There is a distinct contradiction in Lionhead at the moment. Because there is not one gaming company in the world right now studying Hollywood with greater scrutiny. Yet their goal is to find the unique language of videogames.
Peter Molyneux could not attend his keynote today titled, “Life, Love and Death: Drama & Story Experience in Video Games.” So instead, Staging Designer Georg Backer presented Lionhead’s thesis on how games need to change. What followed were somewhat classic Lionhead production examples—assets must change over time to tell the story (from your character, to things around you).
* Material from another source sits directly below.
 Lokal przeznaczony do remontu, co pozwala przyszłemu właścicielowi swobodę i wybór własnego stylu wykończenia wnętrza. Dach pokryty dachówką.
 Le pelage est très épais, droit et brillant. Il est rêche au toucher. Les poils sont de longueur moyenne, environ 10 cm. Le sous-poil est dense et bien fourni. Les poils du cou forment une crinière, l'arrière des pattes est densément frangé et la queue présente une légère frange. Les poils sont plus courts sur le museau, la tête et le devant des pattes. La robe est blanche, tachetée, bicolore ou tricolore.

Backer explained that their Fable 2 dog and one-button combat system are both, hopefully, all part of games finding their unique voice, learning how they can share narrative as easily any other format. Because ultimately, Lionhead sees families talking over dinner about a movie they just saw, a book they just read and, without a beat, the game they’ve been playing.
Now all that is well and good, but it’s their development process that’s so baffling. While in search of this unique voice—something that could be a decade off they are quick to admit—Lionhead is waist-deep in Hollywood school: video editors advise better camera cuts in their combat system, and sword masters teach camera friendly movie combat.
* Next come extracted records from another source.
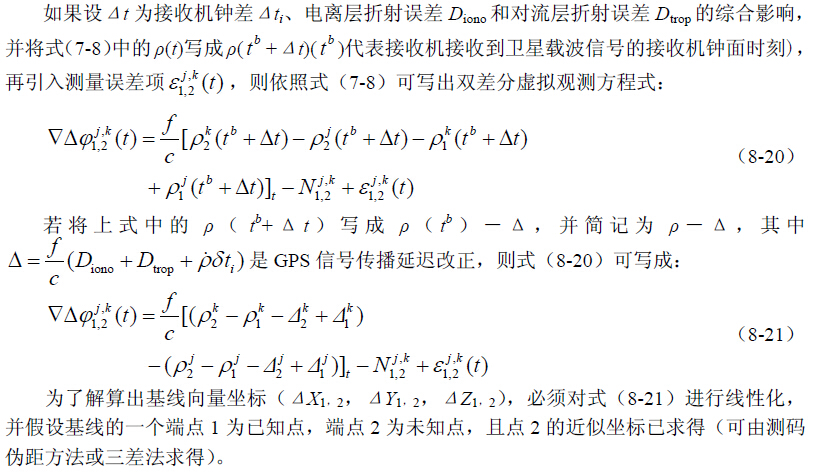 在第七章中已经讨论过,由载波相位观测值组成的双差观测模型式(7-8)中,可消去卫星钟差和接收机钟差的影响,对30km 以下的基线,还可大大削弱电离层、对流层折射影响和卫星星历误差影响。因而在基线向量解算时,通常采用双差数学模型。它既可消除或削弱一些难以建立误差模型的误差,提高了基线解算的精度,又使方程式中的未知数个数大为减少,减轻了平差计算的难度和工作量。
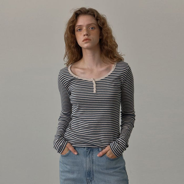 Elevate your casual wardrobe with our Stripe Scoop T-Shirt in Charcoal. Featuring a stylish scoop neckline and button detail, it's perfect for layering.
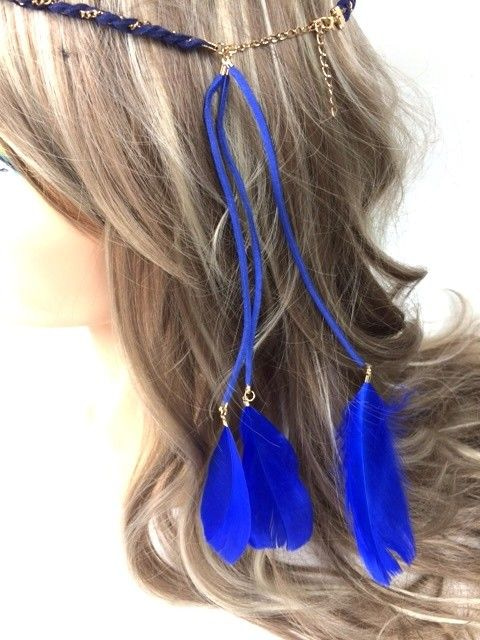 S_600029D - IBIZA LOOK BLUE BRAIDED HAIR BAND WITH PEACOCK FEATHERS (1st)

And it’s not that Lionhead partakes in interdisciplinary studies that so confounding, but that they talk about their “unique voice” and the tricks of Hollywood in a completely intermixed fashion.
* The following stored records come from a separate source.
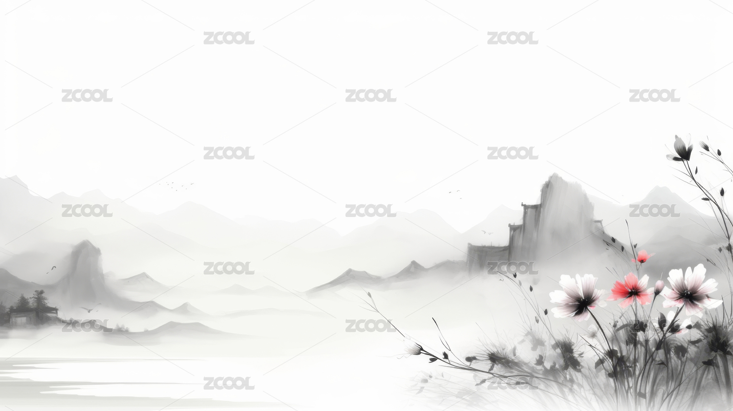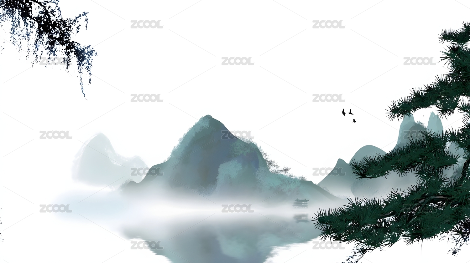 中式水墨风山水背景
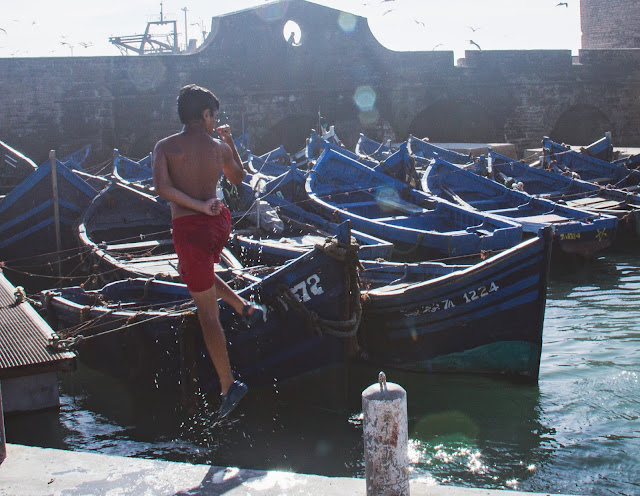 | The Moroccan boys jumping off the edge into the water. No fear! |
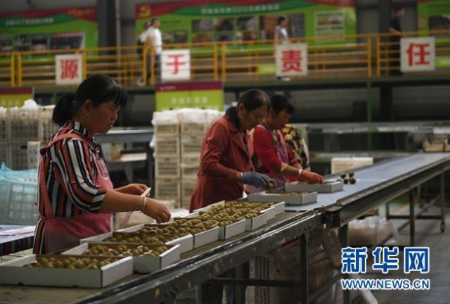 9月9日,工作人员在国家级(眉县)猕猴桃产业园区内分拣猕猴桃(新华社记者 张曼怡 摄)
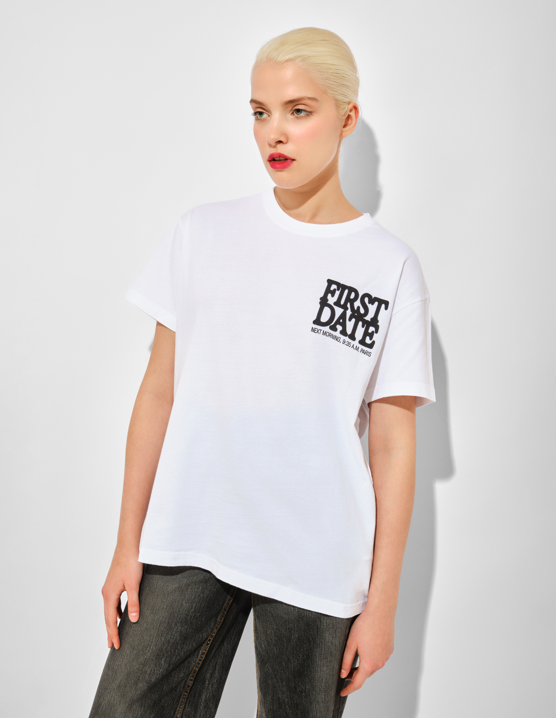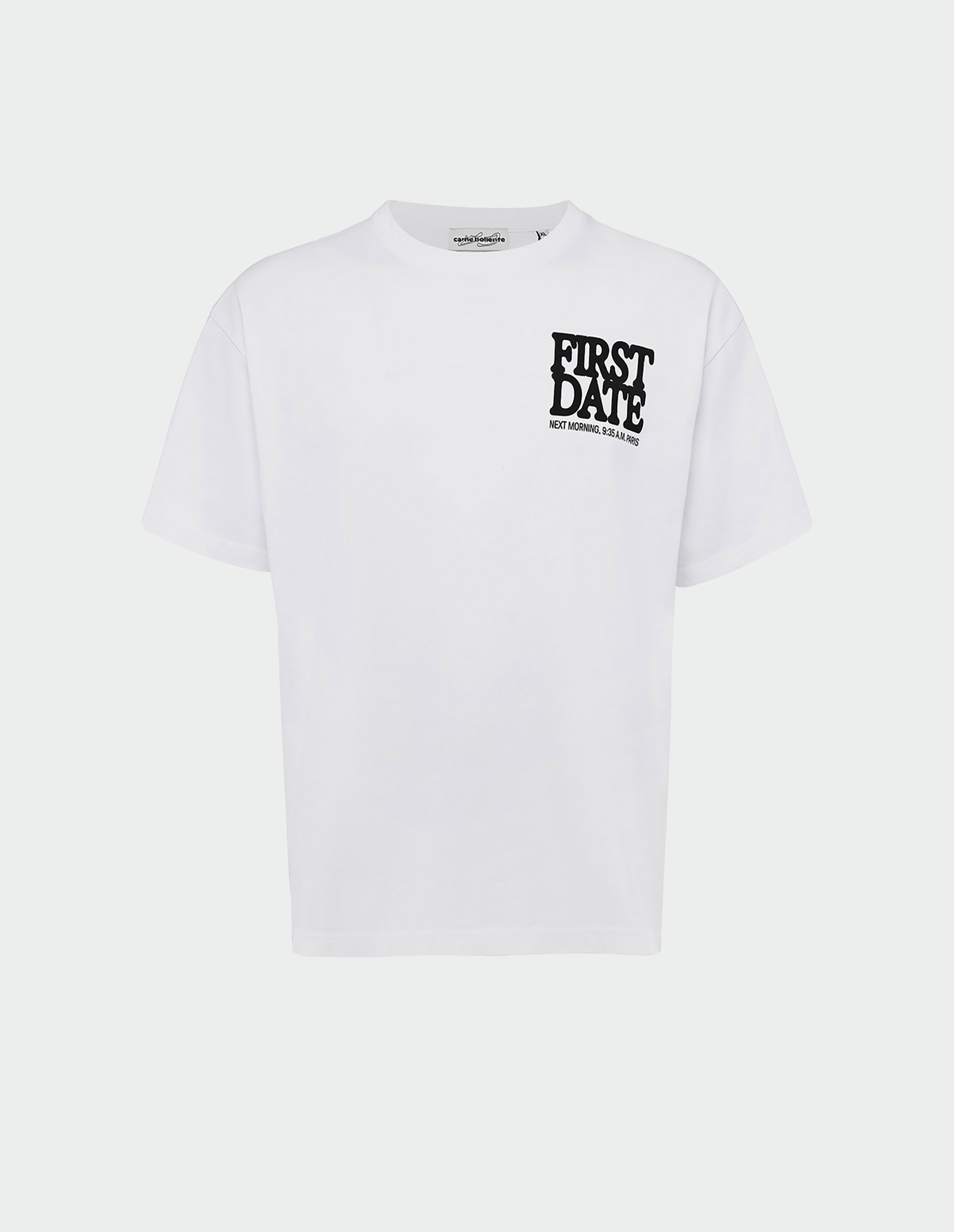 Это не просто футболка. Это носимое сообщение, отпечатанное на вашей груди и спине. Надпись Fisrt Date на груди и визуальное изображение самого первого свидания в принте на спине — это остроумная реплика в диалоге, который ведёт с миром Carne Bollente. Игра слов, где «горячо» отсылает и к названию бренда («Горячая плоть»), и к комплименту, выполнена в фирменном мультяшном стиле. Это фраза-настроение, фраза-приглашение, которую можно заявить миру или оставить как намёк за спиной. Безупречный белый хлопок и идеальная посадка делают дерзкий принт главным героем образа, превращая базовую вещь в маленький протест.

The presentation was a developer’s call to arms, but it was also a simultaneous cadence of retreat—instructions to regroup and learn from our Hollywood masters.
Less cynically, I think this is the message that even Lionhead has not yet said clearly and most game developers are afraid to admit:
Games, despite how often they emulate film’s cliches, fall far short of the movie industry’s time-tempered production methods. So games must first play a bit of catch-up before we can really begin the discussion of profound interactive narrative technique.